Entries supplied:

┌────────

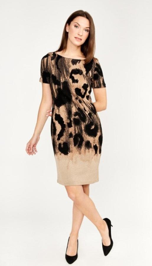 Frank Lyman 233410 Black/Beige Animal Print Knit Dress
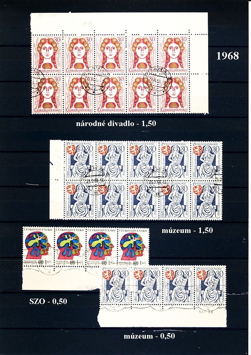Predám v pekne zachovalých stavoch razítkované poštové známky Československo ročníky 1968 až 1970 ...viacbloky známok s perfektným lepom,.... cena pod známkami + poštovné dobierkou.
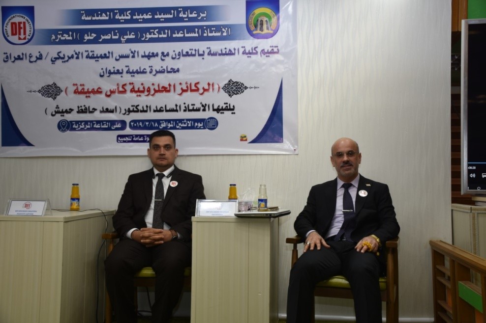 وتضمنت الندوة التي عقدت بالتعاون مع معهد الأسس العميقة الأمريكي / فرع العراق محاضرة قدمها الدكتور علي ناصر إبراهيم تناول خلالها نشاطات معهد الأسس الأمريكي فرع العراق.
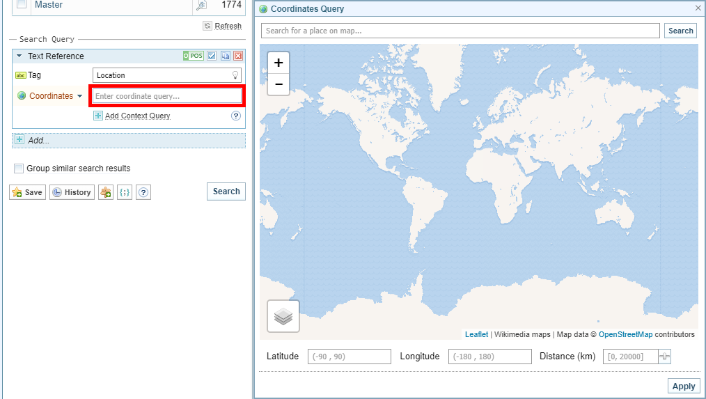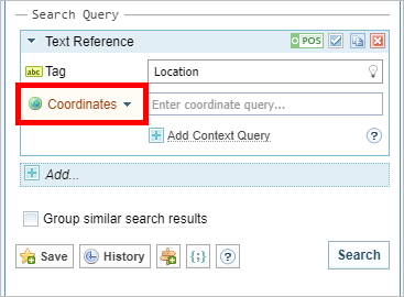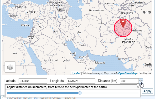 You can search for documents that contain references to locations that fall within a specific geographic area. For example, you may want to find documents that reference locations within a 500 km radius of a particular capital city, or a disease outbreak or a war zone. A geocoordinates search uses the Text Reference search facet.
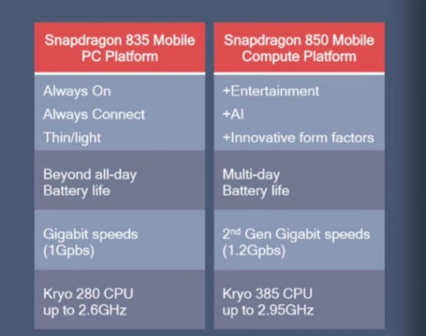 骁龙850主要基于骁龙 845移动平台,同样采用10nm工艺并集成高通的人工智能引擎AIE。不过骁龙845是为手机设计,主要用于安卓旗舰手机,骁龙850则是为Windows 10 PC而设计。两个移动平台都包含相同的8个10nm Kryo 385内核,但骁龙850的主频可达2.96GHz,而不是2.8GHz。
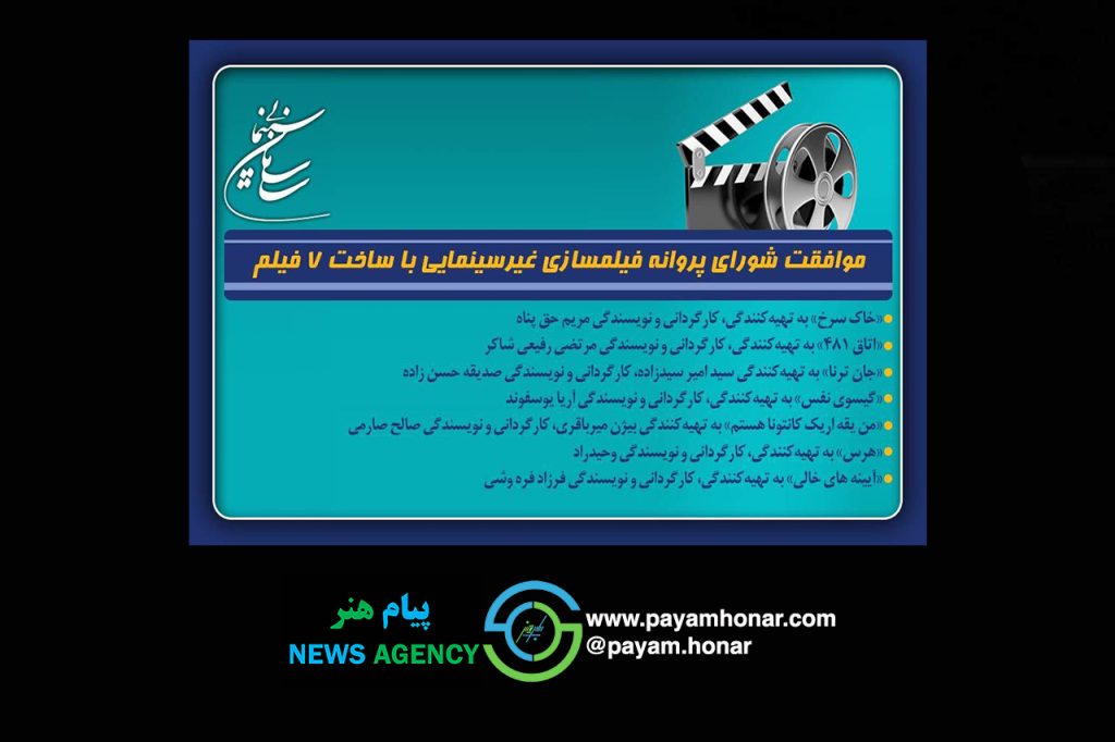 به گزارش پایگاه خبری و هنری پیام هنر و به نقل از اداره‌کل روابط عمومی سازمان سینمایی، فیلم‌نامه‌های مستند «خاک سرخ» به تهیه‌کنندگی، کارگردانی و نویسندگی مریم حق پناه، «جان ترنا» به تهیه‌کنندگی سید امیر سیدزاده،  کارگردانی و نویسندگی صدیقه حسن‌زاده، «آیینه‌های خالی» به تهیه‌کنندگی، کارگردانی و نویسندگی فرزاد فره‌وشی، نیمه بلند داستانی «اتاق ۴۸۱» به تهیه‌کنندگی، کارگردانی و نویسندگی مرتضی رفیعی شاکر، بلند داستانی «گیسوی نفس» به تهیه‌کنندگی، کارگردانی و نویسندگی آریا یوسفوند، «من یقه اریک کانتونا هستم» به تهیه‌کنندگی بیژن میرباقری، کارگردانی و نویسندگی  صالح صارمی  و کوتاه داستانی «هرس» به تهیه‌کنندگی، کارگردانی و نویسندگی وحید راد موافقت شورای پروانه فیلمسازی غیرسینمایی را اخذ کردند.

└────────
┌────────

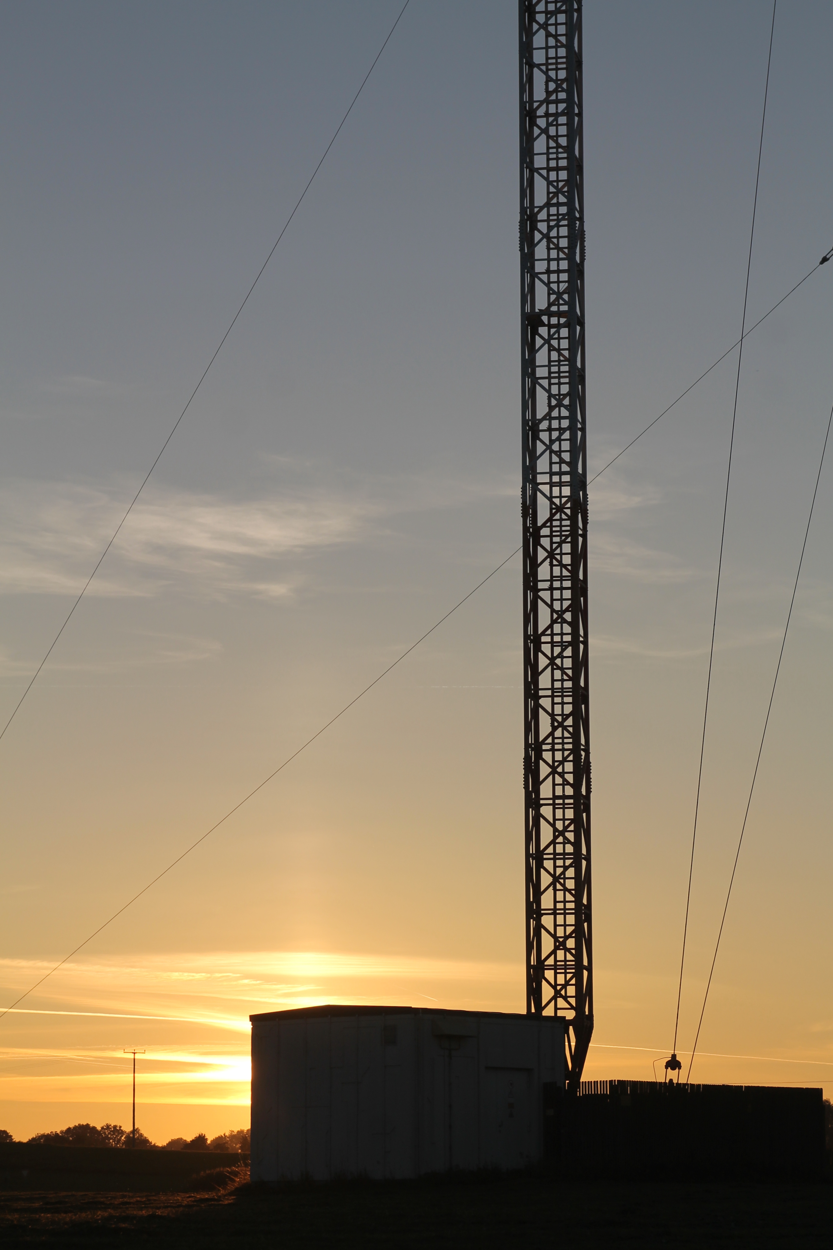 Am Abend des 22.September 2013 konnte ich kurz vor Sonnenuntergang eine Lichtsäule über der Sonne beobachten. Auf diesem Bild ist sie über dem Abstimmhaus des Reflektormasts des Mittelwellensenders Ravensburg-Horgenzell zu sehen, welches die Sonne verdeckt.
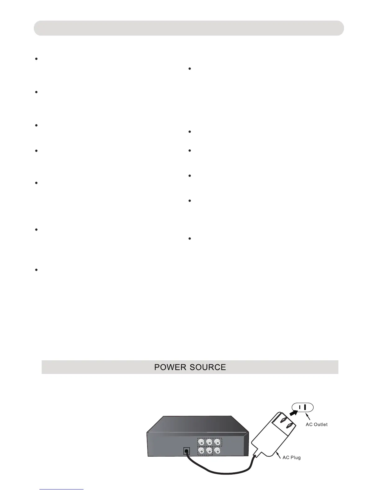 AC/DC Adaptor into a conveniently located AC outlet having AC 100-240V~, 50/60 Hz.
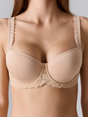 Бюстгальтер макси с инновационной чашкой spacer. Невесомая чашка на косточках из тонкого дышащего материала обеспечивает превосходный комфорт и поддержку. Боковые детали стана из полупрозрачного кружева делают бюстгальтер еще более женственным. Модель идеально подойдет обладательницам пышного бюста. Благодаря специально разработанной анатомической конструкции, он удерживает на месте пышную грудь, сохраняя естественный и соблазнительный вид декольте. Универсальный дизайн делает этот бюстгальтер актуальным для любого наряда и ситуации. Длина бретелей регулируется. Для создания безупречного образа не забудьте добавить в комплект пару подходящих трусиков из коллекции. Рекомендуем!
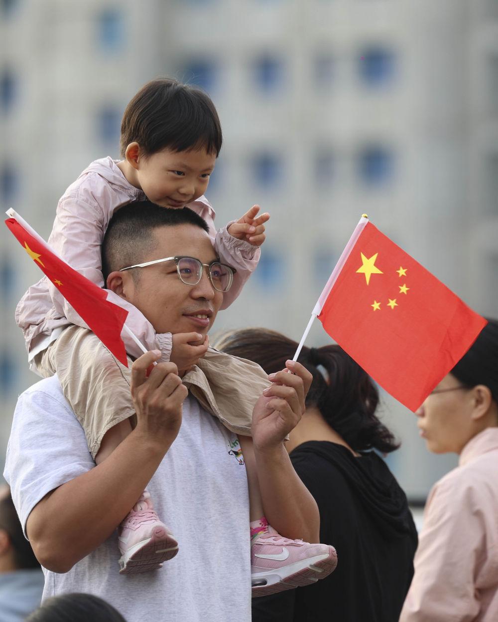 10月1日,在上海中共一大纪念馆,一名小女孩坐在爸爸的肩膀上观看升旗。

└────────
┌────────

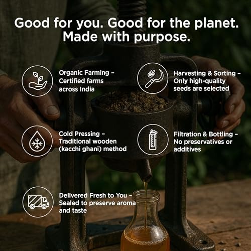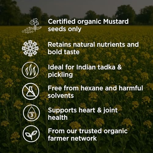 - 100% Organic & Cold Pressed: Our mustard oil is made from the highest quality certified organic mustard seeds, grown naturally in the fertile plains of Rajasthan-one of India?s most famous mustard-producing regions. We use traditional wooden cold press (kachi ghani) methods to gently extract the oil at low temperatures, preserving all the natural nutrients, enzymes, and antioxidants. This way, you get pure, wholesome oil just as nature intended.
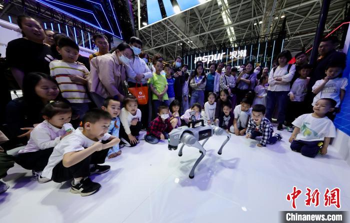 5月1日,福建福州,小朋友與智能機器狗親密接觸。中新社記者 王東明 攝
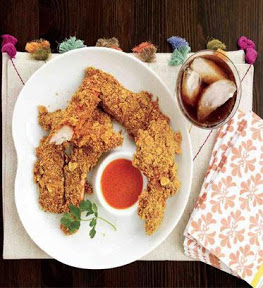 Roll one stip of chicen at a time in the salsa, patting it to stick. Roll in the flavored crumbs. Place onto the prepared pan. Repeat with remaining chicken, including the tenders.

└────────

Beginning at the line above that contains "Frank Lyman 233410" and going on through the line that contains "Predám v pekne", please copy every line exactly, leaving the pictures out and adding nothing.

 Frank Lyman 233410 Black/Beige Animal Print Knit Dress
Predám v pekne zachovalých stavoch razítkované poštové známky Československo ročníky 1968 až 1970 ...viacbloky známok s perfektným lepom,.... cena pod známkami + poštovné dobierkou.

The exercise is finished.